General information
- Type: Light-sport aircraft
- National origin: Italy
- Manufacturer: Flying Legend
- Status: Production completed

History
- Manufactured: 2015-2018
- Introduction date: 2011

= Flying Legend Hawker Hurricane Replica =

Italian light-sport aircraft

The Flying Legend Hawker Hurricane Replica is an Italian light-sport aircraft, designed and produced by Flying Legend of Caltagirone and introduced at the AERO Friedrichshafen show in 2011. The aircraft, a 72% scale replica of the British Hawker Hurricane Second World War fighter, was supplied as a kit for amateur construction or as a complete ready-to-fly-aircraft.

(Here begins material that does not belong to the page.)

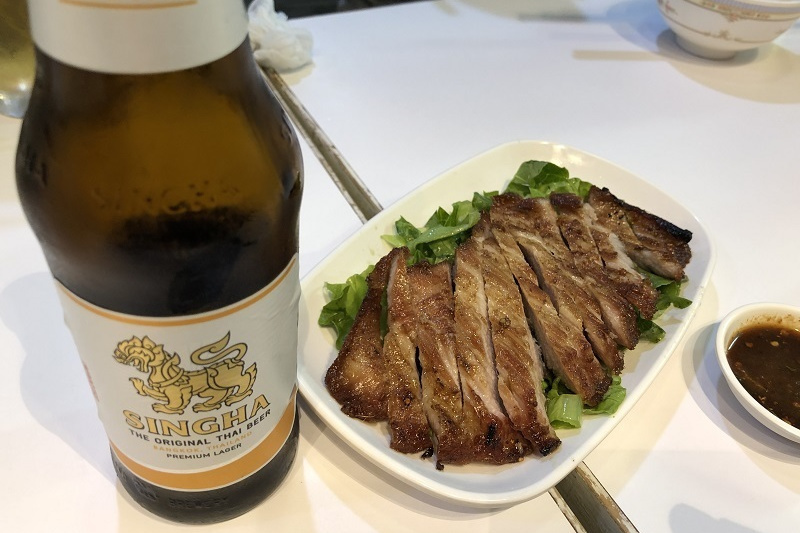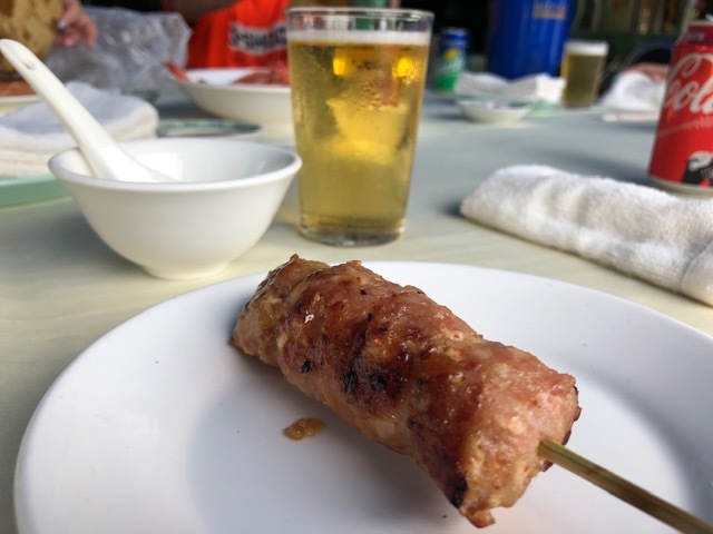 定番メニューだったもののいつもよりボリュームがあり、タイ料理屋で仕入れたソーセージとともに7人でビール飲んだ人$255、飲まない人$215にてマイタン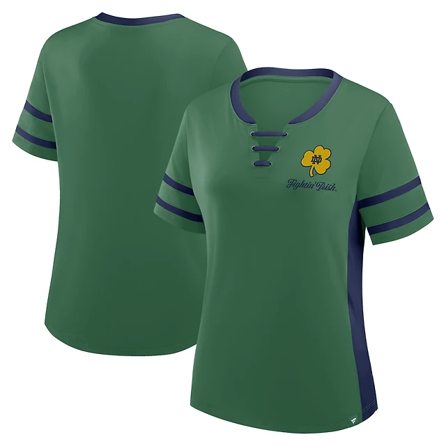 T-shirt à lacets pour femme Fanatics vert/bleu marine Notre Dame Fighting Irish Be Fearless Athena

Flying Legend is a collaborative project between MGA and Barum.

==Design and development==
After the initial showing in 2011, the aircraft's design was improved and a new model introduced in 2015 and kit production commenced.

The Hurricane Replica features a cantilever low-wing, a two-seats-in-tandem enclosed cockpit, retractable conventional landing gear and a single engine in tractor configuration.

The aircraft is made from welded 4130 steel tubing, sheet 2024-T3 aluminum and wood. Its 8.20 m span wing has an area of 11.0 m2 and flaps. Standard engines available are the 100 hp Rotax 912ULS four-stroke powerplant, with the 115 hp Rotax 914 and 125 hp D-Motor LF39 optional.